● **Task details**: Transcribe every line from the one containing "Frozen White Mocha" through the end of the records below, exactly, but not the pictures.

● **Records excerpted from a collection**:
────────────────────────────────────────
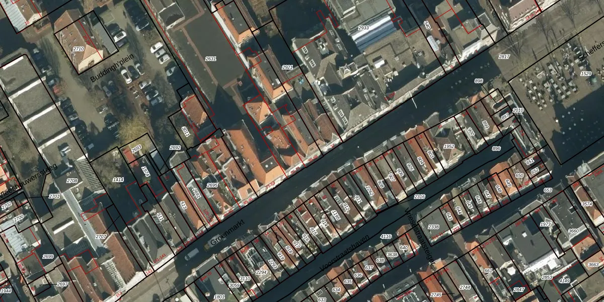 Het perceel waarop Groenmarkt 53 staat heeft een oppervlakte van 1858 m². Dit is een zeer groot perceel. De perceeloppervlakte wordt geregistreerd door het Kadaster. Gedetailleerde informatie over de maten van dit perceel kunt u vinden in het rapport Kadastrale kaart met maatvoering van Groenmarkt 53.
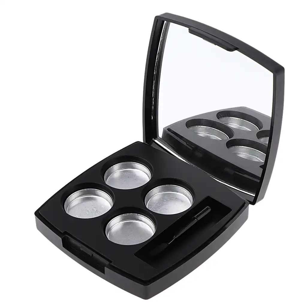 Schwarz Leer Make Up Lidschatten Gedruckt Pulver Behalter Fall 4 Runde Aluminium Pfannen Palette Mit Spiegel Und Pinsel Lidschatten Applikator Aliexpress
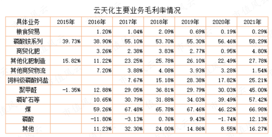 饲料级磷酸钙盐、聚甲醛、磷矿石等合计达38.5亿元,这几项业务毛利率比较高。
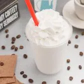 Frozen White Mocha blended with Java Chips and Topped with Whipped Cream and more Java Chips.
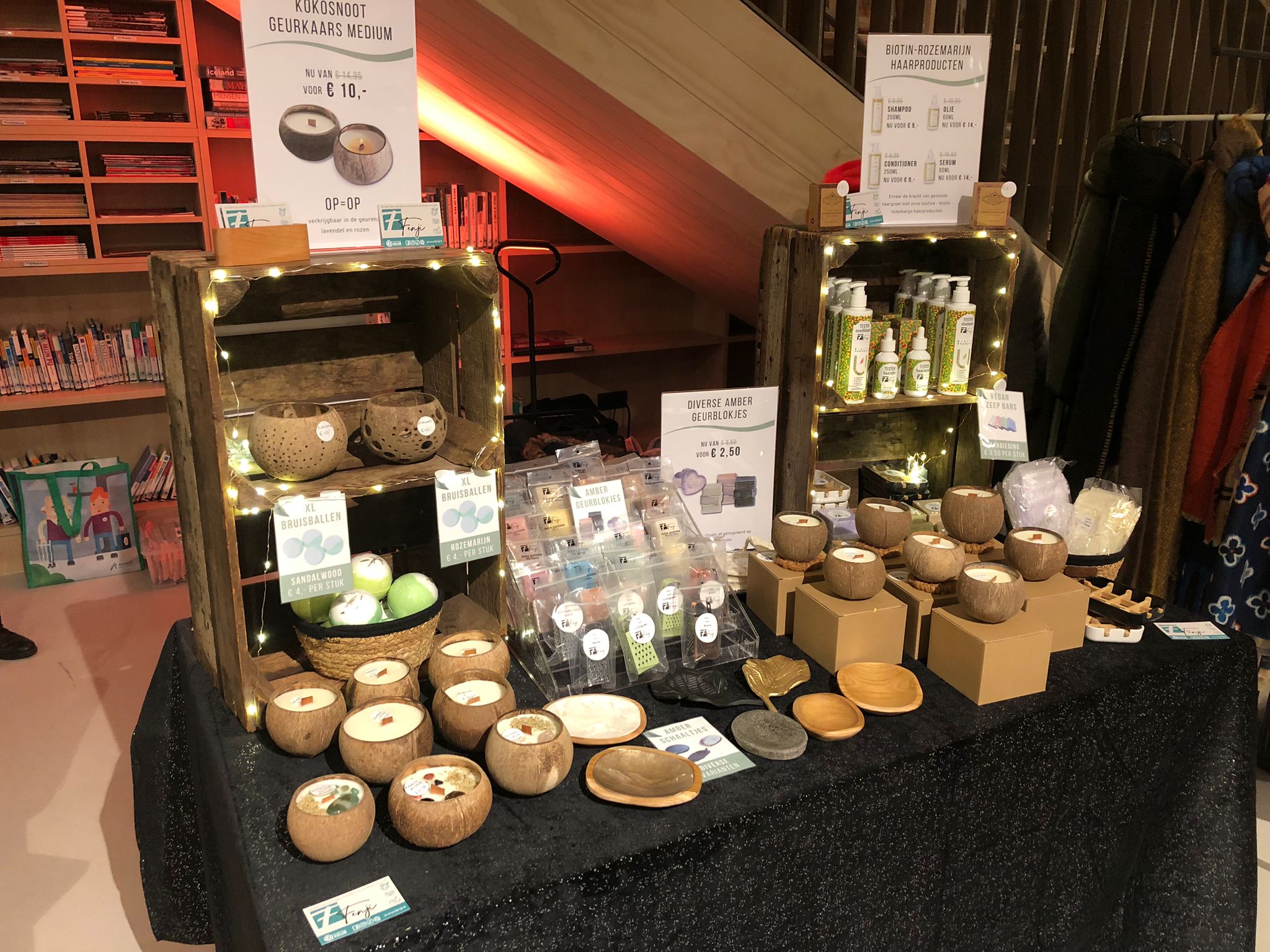 Diverse kokosnoot geurkaarsen en kokosnoot waxinelichthouders zeer scherp geprijsd
────────────────────────────────────────
● **Answer area**:
 Frozen White Mocha blended with Java Chips and Topped with Whipped Cream and more Java Chips.
 Diverse kokosnoot geurkaarsen en kokosnoot waxinelichthouders zeer scherp geprijsd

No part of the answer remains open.